Mary's heart smote her; she was refusing Letty the time God was giving her! She could not wake her up, and, while God was waking her, she was impatient!

"I heard the call, too, Letty," she said; "but it was not the angels. It was the same instrument we heard the other night. Who can there be in the house to play like that? It was clearer this time. I thought I could listen to it a whole year."

"Why didn't you wake me?" said Letty.

"Because the more you sleep the better. And the doctor says I mustn't let you talk. I will get you something, and then you must go to sleep again."

Tom did not appear any more that night; and, if they had wanted him now, they would not have known where to find him. He was about nothing very bad--only supping with some friends--such friends as he did not even care to tell that he had a son.
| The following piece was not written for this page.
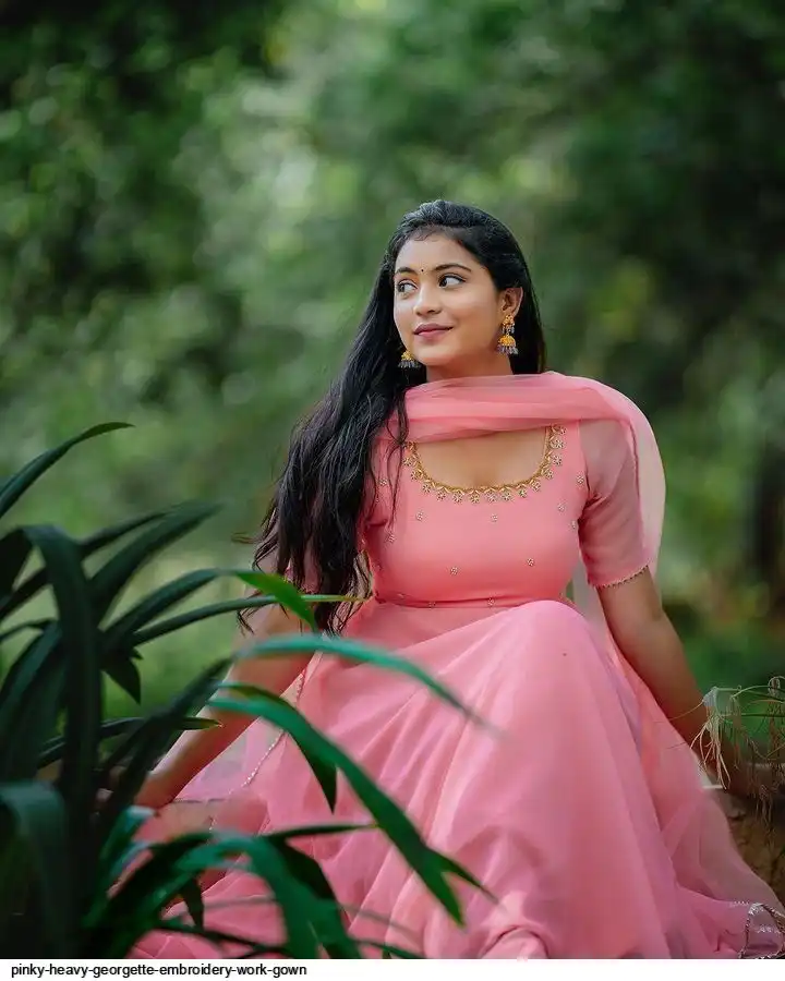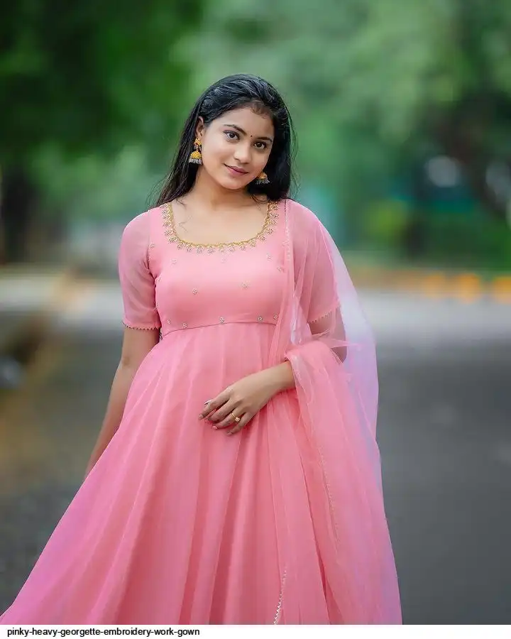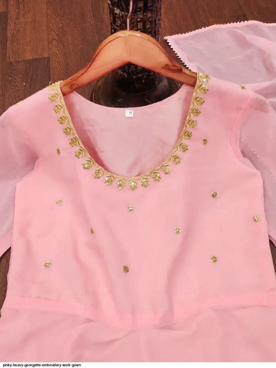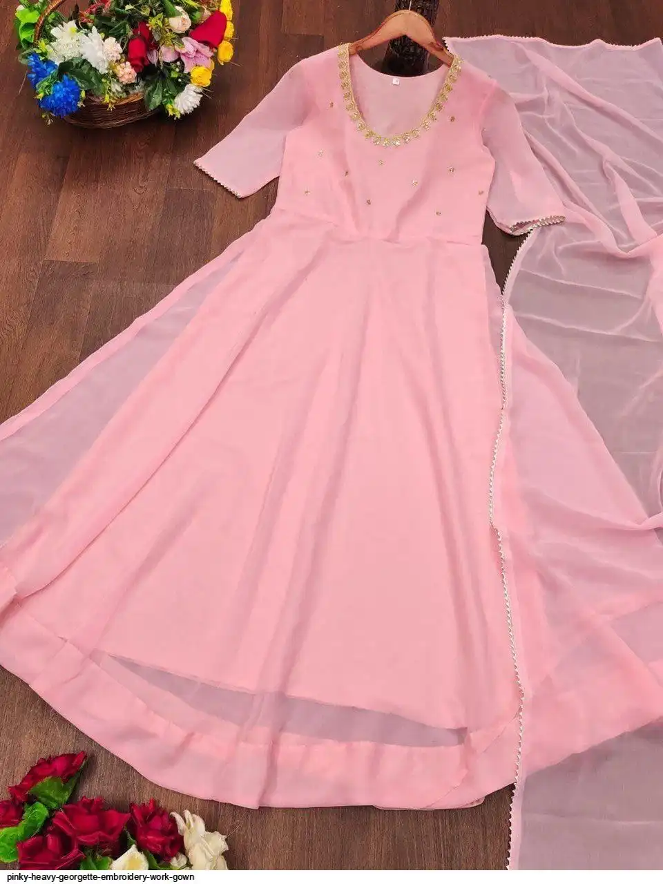 NF PRESENTING NEW HEAVY FOX GEORGETTE GOWNS WITH EMBROIDERY SIQUNCE ZARI WORK WITH DUPTTA

He was ashamed of being in London at this time of the year, and, but that he had not money enough to go anywhere except to his mother's, he would have gone, and left Letty to shift for herself.

With his child he was pleased, and would not seldom take him for a few moments; but, when he cried, he was cross with him, and showed himself the unreasonable baby of the two.

The angels did not want Letty just yet, and she slowly recovered.

For Mary it was a peaceful time. She was able to read a good deal, and, although there were no books in Mr. Redmain's house, she generally succeeded in getting such as she wanted. She was able also to practice as much as she pleased, for now the grand piano was entirely at her service, and she took the opportunity of having a lesson every day.